From Ed Kilgore at Democratic Strategist on the on-going contest for RNC chair:
UDATE (the last, I promise!): One of the issues about Monday’s RNC candidate debate that went largely unnoticed was that a Republican Party supposedly determined to turn the page on the Bush-Delay Era allowed the very symbol of some of the worst aspects of that era, Grover Norquist, to call and moderate the debate. Ah, but I missed one dissent: from the conservative pundit Michelle Malkin, who did a post entitled “The GOP’s Grover Norquist Problem and the RNC Debate.” Could it be that Malkin would note the irony of the very father of the K Street Strategy, and the principal enthusiast for the deficit-celebrating Starve the Beast fiscal philosophy, presiding over deliberations of this supposedly cleancut, corporate-bailout-opposing, and fiscally righteous party?
Nope. Malkin’s complaints was this:
“Some of us have not forgotten how Norquist made common cause with the left-wing zealots at People for the American Way in a forum bashing the Patriot Act — and how he forged even more dangerous alliances in the name of Muslim GOP outreach.”In the current atmosphere, Grover Norquist’s sin is that he’s not conservative enough. Gaze in awe.

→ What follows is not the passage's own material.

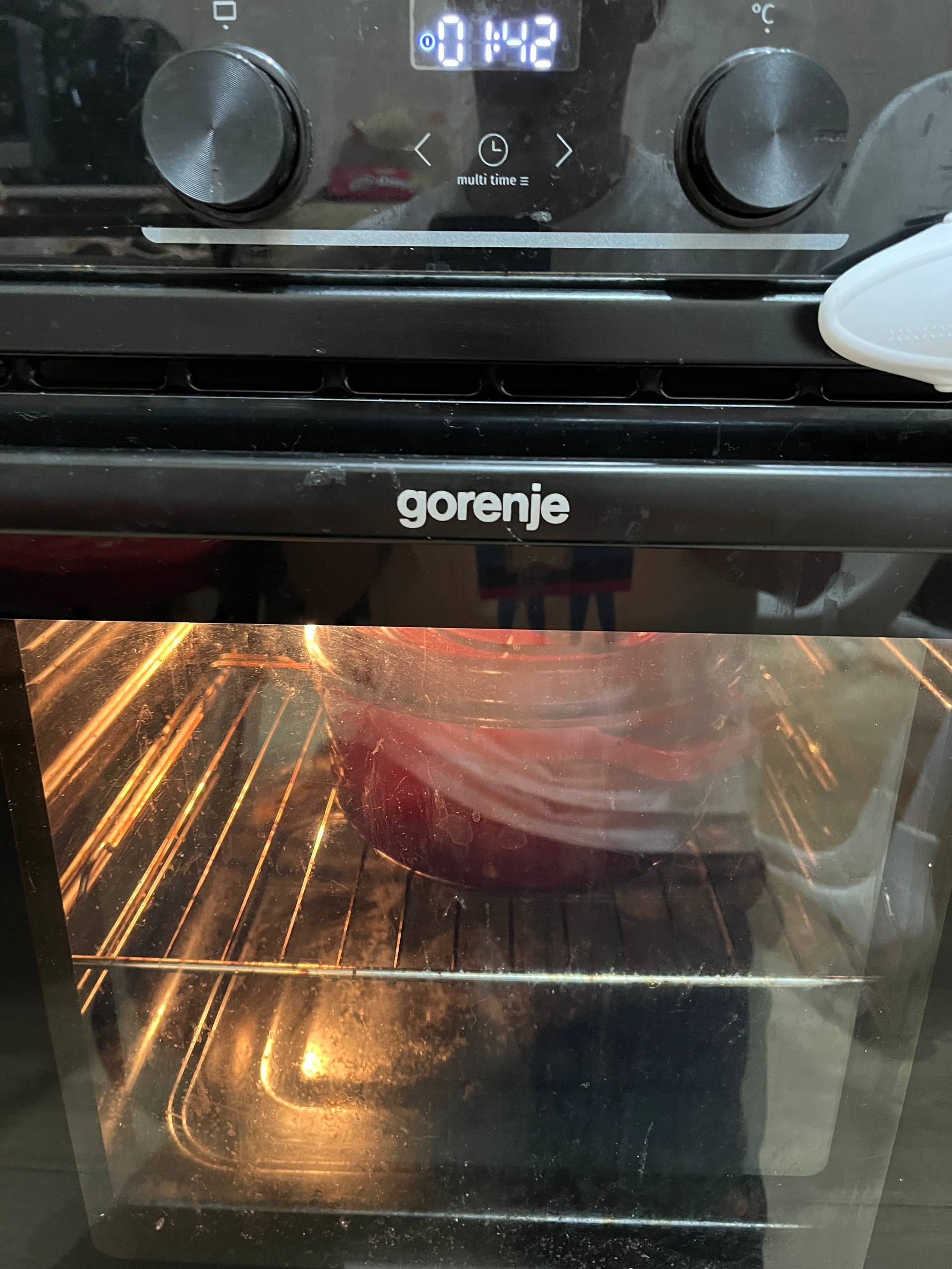 В семь утра, очередная проверка - не убежало ли что, запах на кухне стоял прекрасный. Выключил и оставил доходить, т.к. чугун нагретый, тепло до двух часа дня держал, пока стоял в духовке.

http://www.thedemocraticstrategist.org/
update: in an earlier post, Kilgore observes this head-shaking phenomenon that I’ve written about previously:
But the widespread, almost universal conservative search for anything, everything, other than ideology as the source of the GOP’s demographic problems could well be a blind spot that keeps them wandering in the wilderness, endlessly looking for more attractive ways to package the same product. It would be nice to see a few more conservatives consider that possibility.